=== What is being asked ===
Return the line containing "Семинар был посвящён" together with every later line up to the end of the records, exactly and with no pictures; return nothing else.

Data shown Block Start

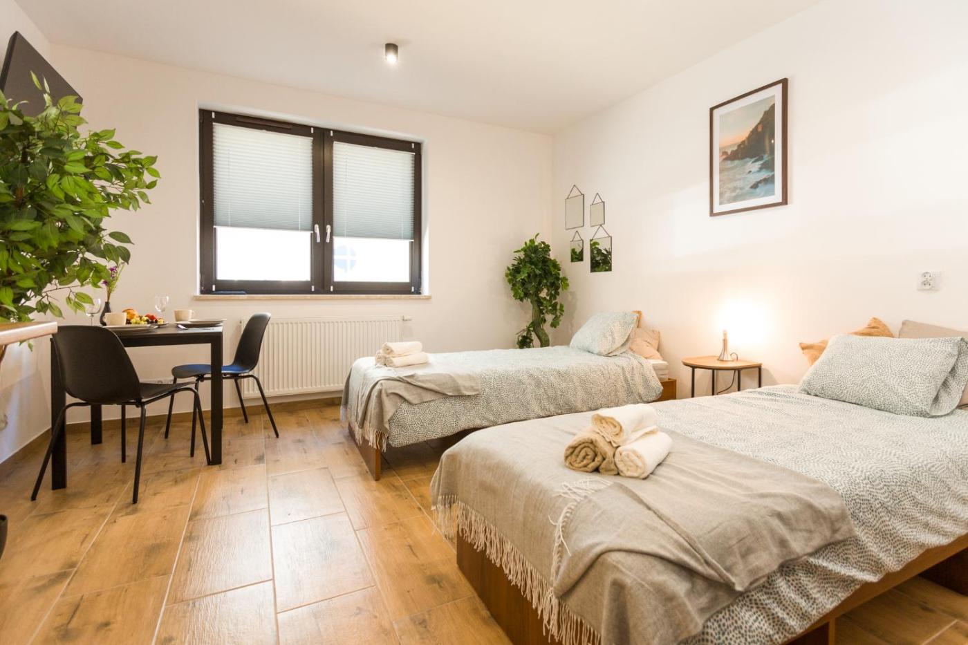 Apartament typu studio. This apartment consists of 1 bedroom, a kitchenette and 1 bathroom with a shower and a hairdryer. The well-fitted kitchenette has a stovetop, a refrigerator, kitchenware and a microwave. This apartment features a washing machine, a tea and coffee maker, flat-screen TV with satellite channels, as well as chocolate for guests. The unit offers 2 beds. Apartament - 2 osobowy. Powierzchnia pokoju ok.: 25 mkw.
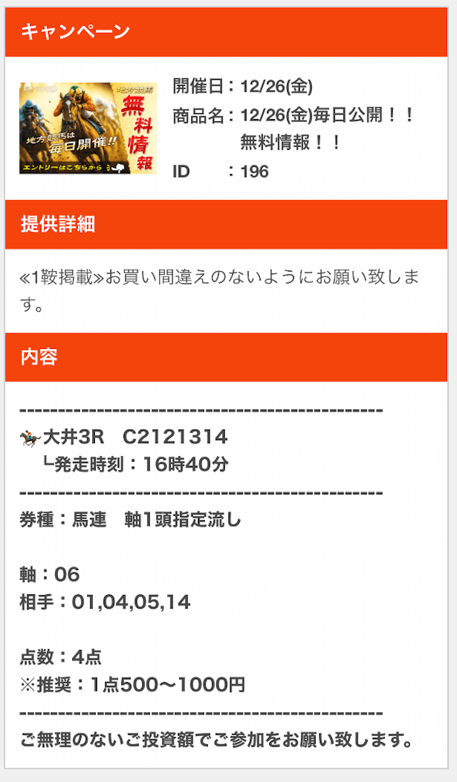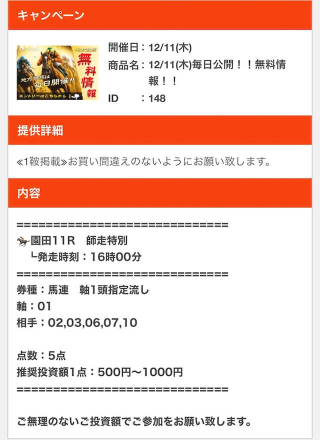 | 戦績 | 41戦37勝4敗 | 的中率 | 92.7% | 回収率 | 276.6% |
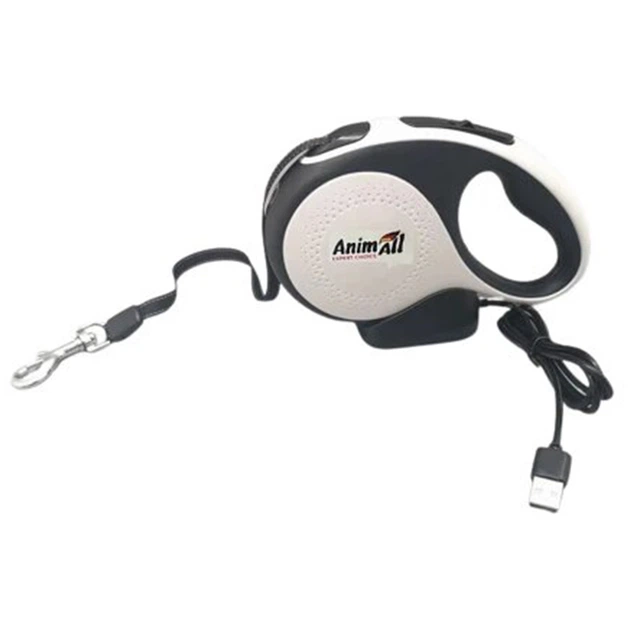 Повідець-Рулетка AnimAll з LED-ліхтариком для собак вагою до 50 кг, 5 м, біло-чорна L
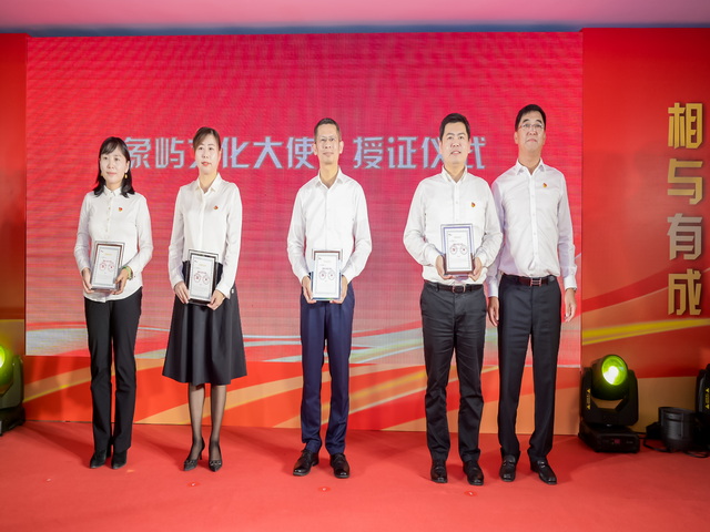 ▲和记娱乐怡情博登录集团党委书记、董事长张水利为新加盟企业高管颁授“和记娱乐怡情博登录文化大使”证书
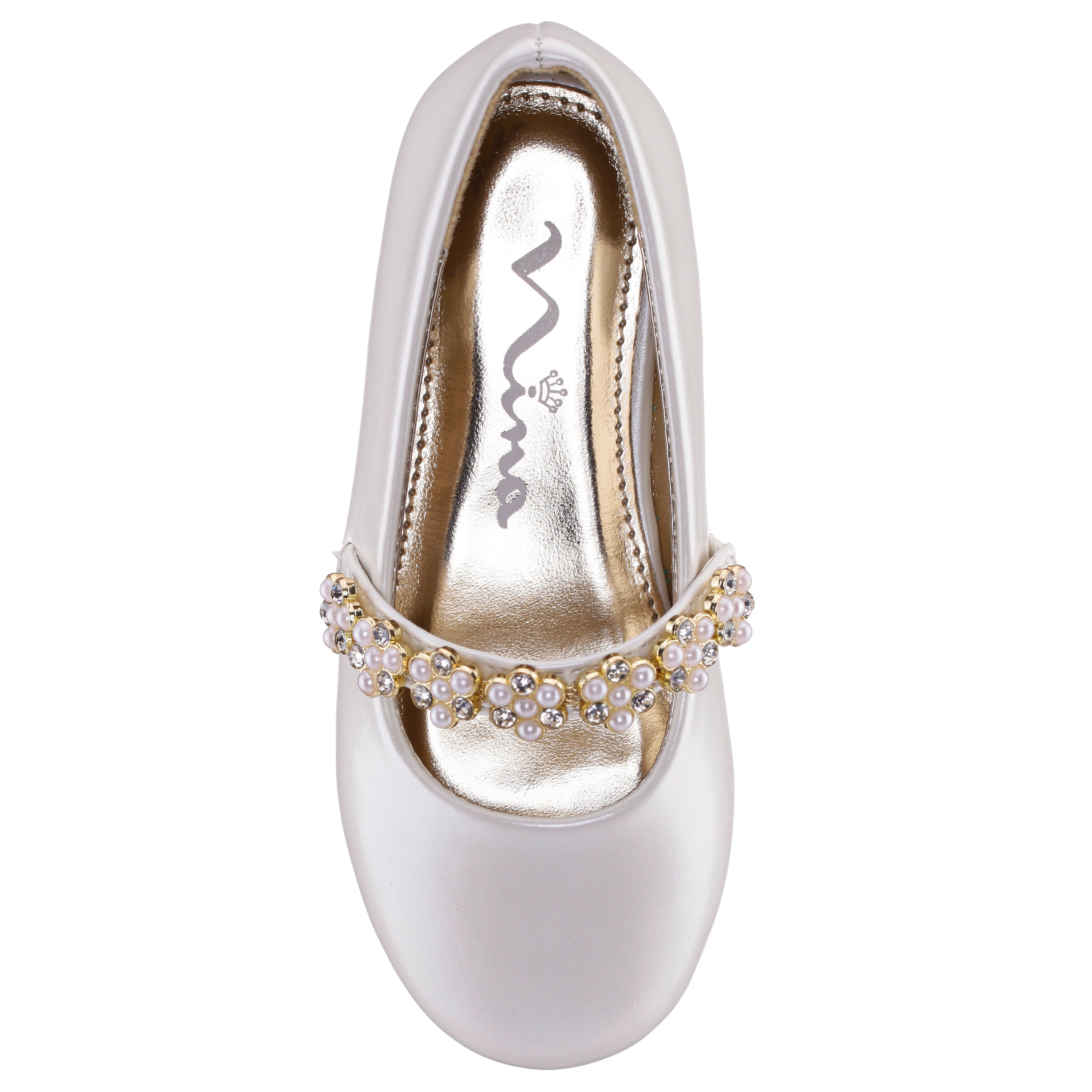 Elegant with a touch of sparkle, JOANSIE by Nina Shoes is a graceful girls ballet flat designed for polished moments and timeless style. Featuring a softly squared toe and refined embellishments with shimmering crystals and faux pearls, this dress-ready flat adds a sophisticated finish to any outfit. A hidden elastic detail ensures a comfortable, secure fit, while the cushioned memory foam insole and flexible non-slip sole keep her feeling confident and comfortable from special celebrations to everyday occasions that call for a little shine.
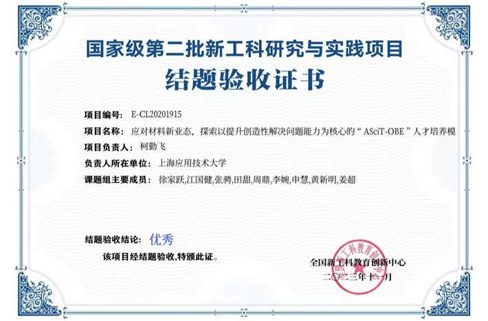 近日,教育部公布了第二批全国新工科研究与实践项目结题验收结果。经项目组申请、专家网络评审、专家会议评审等环节,全国共有820个项目通过结题,其中获评优秀项目120项。我校柯勤飞教授担任项目负责人的“应对材料新业态,探索以提升创造性解决问题能力为核心的‘ASciT-OBE’人才培养模式”验收结果获得优秀,项目成果与案例被教育部全国新工科教育创新中心征集推广。
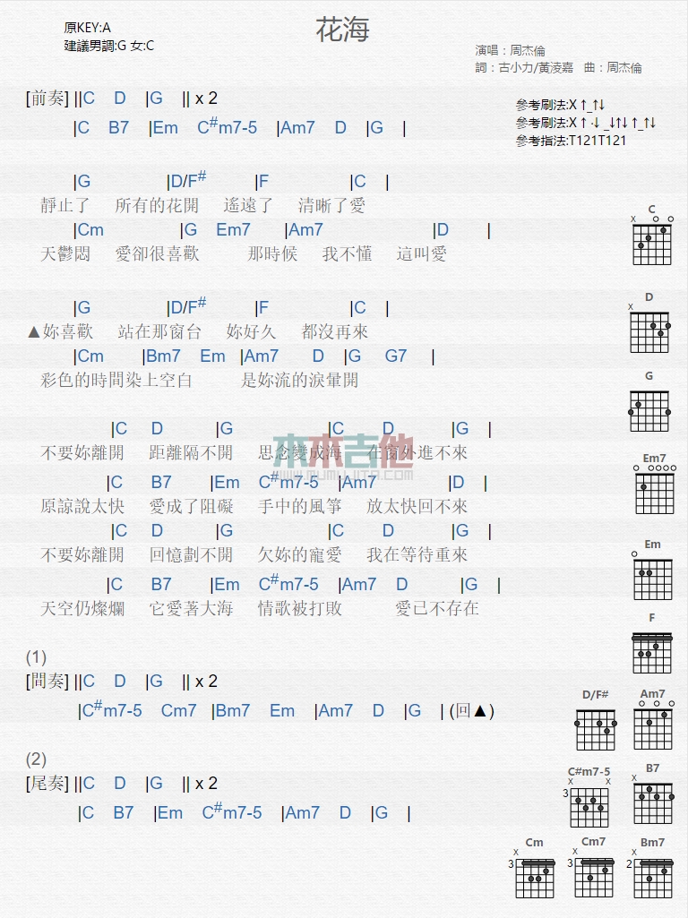 花海吉他谱 - 周杰伦 - 吉他弹唱谱
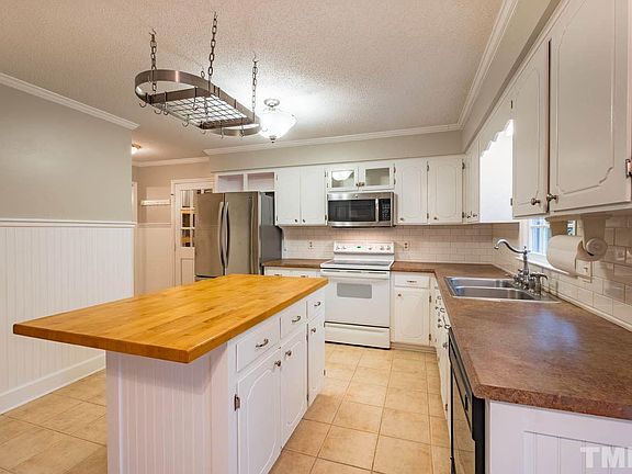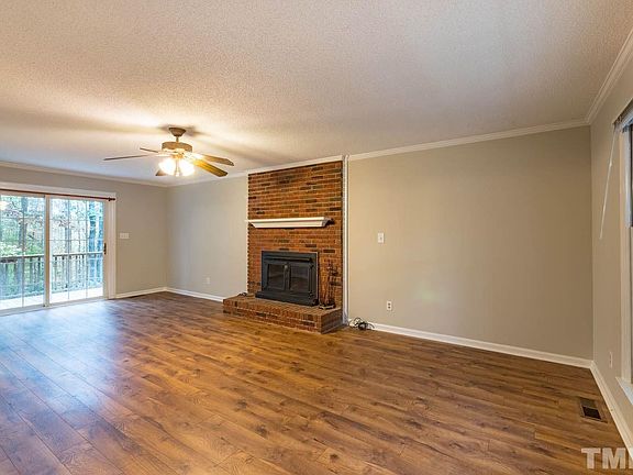 Fantastic location on a quiet ~1 Acre cul-de-sac lot. Great setting & property! Large family room w/newer hrdwd style flooring, brick wood-burning fireplace & crown molding. Formal dining rm. Kitch w/updated counters, subway tile bcksplsh, & appliances. Mster w/walk-in closet. New carpet up. Fresh int. paint. Lrg strge off of bedrm. Amazing outdoor decking & priv yrd. Long conc drive & parking pad. Garage & 10x20 shed too. NO HOA, covenants, water or sewer bill & low county taxes! See Video Walk-Through
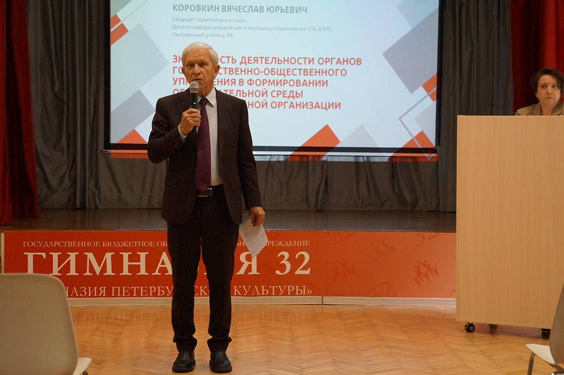 Семинар был посвящён взаимодействию образовательной организации и Попечительского совета. Его открыл кандидат педагогических наук, доцент кафедры управления и экономики образования Санкт-Петербургской академии постдипломного педагогического образования Вячеслав Юрьевич Коровкин. Выступив модератором мероприятия, он представил доклад о деятельности государственно-общественного управления в формировании образовательной среды учреждения.
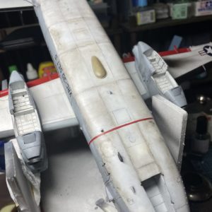 エッチングパーツをつける前に合わせ目を消していきますが、失敗してパーツの一部が欠損してしまいました。

Data shown Block End

=== Response area ===
 Семинар был посвящён взаимодействию образовательной организации и Попечительского совета. Его открыл кандидат педагогических наук, доцент кафедры управления и экономики образования Санкт-Петербургской академии постдипломного педагогического образования Вячеслав Юрьевич Коровкин. Выступив модератором мероприятия, он представил доклад о деятельности государственно-общественного управления в формировании образовательной среды учреждения.
 エッチングパーツをつける前に合わせ目を消していきますが、失敗してパーツの一部が欠損してしまいました。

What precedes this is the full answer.